How has God drawn you closer to divine life?

What gifts has God given you to share with others?

The Spirit is a well-known power in the Hebrew Scriptures. It is the divine “breath” that animated Adam and Eve. The Spirit of the Lord inspired any who served God’s mission. It gave speech to Israel’s prophets, wisdom to its kings and valor to its warriors.

The best-known New Testament account of the Spirit appears in this Sunday’s first reading. Amid imagery reminiscent of God’s appearance on Sinai, the disciples received what Luke calls “holy Spirit.” Luke’s phrase, not common in the Hebrew Scriptures, refers certainly to the “Spirit of God” found in ancient texts but also possibly to the “Spirit of the Holy Place,” i.e., the divine presence in the Jerusalem Temple. In Luke’s mind, the Spirit that had once dwelt in the Temple had now taken up residence among Christ’s disciples. God had drawn Aaron and his sons into the divine presence once yearly; now Christ’s disciples dwelled permanently in the Spirit. Although they were one in Christ, the Spirit did not abrogate their individuality. The disciples spoke in many languages to communicate the story of God’s mighty deeds.

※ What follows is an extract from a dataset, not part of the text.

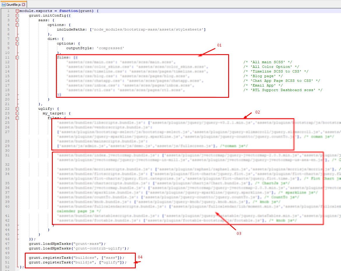 Note: However, any SASS code you write must be able compile via Grunt as well.It will generate pre-compiled javascript templates. Reads all the *.html files from `assets/js/filename` and outputs `assets/js/filename.templates.js`. Template.js will contains code of UI design and will be change each time you build solution through above command.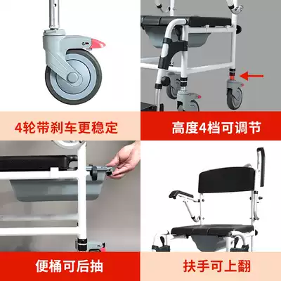 Yade old man wheeled toilet chair can take a bath for people with disabilities, toilet chair, foldable mobile wheelchair toilet

Paul likewise understands a twofold role for the Spirit, as both options for the second reading describe. Baptism draws Christ’s disciples into one Spirit, which is Christ’s own life. Christ has conquered death, so participation in his Spirit is salvation from death. But participation in this Spirit does not result in an army of disembodied clones. The Spirit gives each believer a different gift to share. It will also raise each individual body to new life on the last day.

John, too, understands the Spirit as mediator of a twofold relationship between Christ and his disciples. In one of this Sunday’s Gospel options, Jesus literally “breathes” his Spirit into the disciples, mirroring the life God shared with Adam and Eve. Christ’s gift conferred the ability to forgive sins on God’s behalf. In this Sunday’s other Gospel option, Jesus promises that whoever loves him and keeps his commandments will become a dwelling place of the Holy Spirit. In John’s mind this indwelling Spirit is the very presence of the Father and Son united in love for each other.

The seasons of Lent and Easter turn our attention to this twofold gift. During Lent, we put aside the habits that hinder our ability to share Christ’s life. The joy of Easter, meanwhile, allows the vigor of Christ’s life to thrive anew within us. Like the first Christians on Pentecost, we have new gifts with which to communicate divine love to all we meet. Through the work of the Spirit, God draws near to creation and breathes life into it anew.